In 1979 Sire Records released a domestic compilation culled from 10 Mistakes, the following year's Back to 78, and an inter-LP single. But after that time, GRUPPO's recorded output was available stateside only as harder-and-harder-to-find European and Canadian imports. The hysterically manic Buddy Odor Is A Gas! is a Hans Vandenburg solo LP which to all intents and purposes is GRUPPO's third long player. 1980's Copy Copy finds DEAF SCHOOL alumna Bette Bright putting in a guest vocal performance; an appealing move, as early DEAF SCHOOL explored a somewhat related conceptual aesthetic. Unfortunately, Side One's second-rate material and the too-smooth production did little for either party's reputation.

Throughout the early eighties, the band continued releasing top-notch mock-pop to an ever dwindling audience that was apparently far more concerned with style over substance, simplicity over wit. Pop! Goes the Brain, Design Moderne, Sombrero Times and to a somewhat lesser extent Sucker of the Century are brilliantly executed pop excursions overflowing with self-deprecating wit, biting cynicism, urban humanism, hopeless romance, and of course, killer hooks.

Into the early nineties, the GRUPPO SPORTIVO core of Vandenburg and Calicher were still at it. And where a band like THE KINKS is (justifiably) hailed as one of rock's most steadfast yet highly underappreciated outfits, GRUPPO's reputation does not even approach that level of recognition.

Irving Thalberg, where are you when we need you? (chuckle! -db)


Atjous <> adds:

One remark on Gruppo Sportivo lyrics in general: they contain a lot of double Dutch: phrases mean something very different, since they are literaly translated from Dutch to English. 'Heavy shag' is quite a good example.

When in trouble, remember this:

'Water is what you need water around your feet
water is what you need in the desert sand


I recently receieved a really nice letter from Robert Metcalfe <>

Thought you might be amused by this review from the autumn 1978 issue of "The Magnetic City" a short-lived arts/music magazine edited by two boys who became The Wibbley Brothers, never forgot the formative influence of Gruppo Sportivo and are currently recording their second album:


 Gruppo Sportivo - Marquee Club, 2nd June '78

"Dutch night" at The Marquee reached a climax of sorts as Gruppo took to the stage. It maintained the peak of excitement for the next hour as the best living exponents of Dutch new wave hurtled through number upon number with a verve and originality that had the crowded club screaming for more. Your cunning reviewers cleverly stood in front of the stunningly arousing 'Gruppettes' and "rocked the night away".
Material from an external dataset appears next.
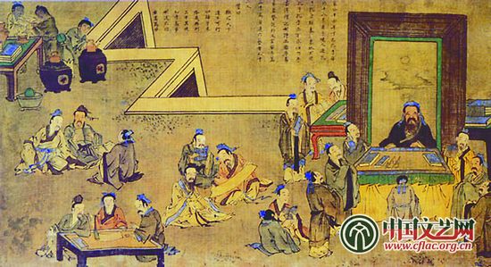 中国艺术教育源远流长。我国艺术教育的最初形式为“乐教”,“兴于诗,立于礼,成于乐”,是孔子对此进行的概括总结。诗、礼、乐,是艺术的三种样式,也是教育的三种方式,艺术与教育合而为一,艺术教育是成就人生最高境界的关键要素。上图分别为《孔子圣迹图之杏坛礼乐》(左)、《乐舞百戏图(两城山汉画像石拓片)》

We concentrated on the girls all night as they pretended to hate each other in 'Bernadette' (hitting & spitting), warned us about motorbikes in 'Lasting Forever', and told us all obout life in 'Girls Never Know (What They Want To Do)', featuring a meaty bass solo from 'Eric', and some marvellous Marvinesque guitar from 'Hans' (Telecaster et al). Other treats were 'Rock n Roll' and 'I Shot My Manager'.

The delights of Gruppo Sportivo cannot be overstated, and now that they're back here (at the time of writing), you'd be daft to miss them this time around as well. Perhaps this time we'll catch the free albums (missed by an arms-length at the Marquee). Meanwhile, leopard-skin memories linger on (sigh).

A while ago, but none the less vivid for that.

The Wibbley Brothers had produced 'Go Weird' by 1982 and will follow that up some 16 years later with 'Morning Jack', due to be released this summer. In our spare time in the studio however, we've found a moment to record an English/Basque version of 'I Would Dance'. Could this be a candidate for Popgruppolympics?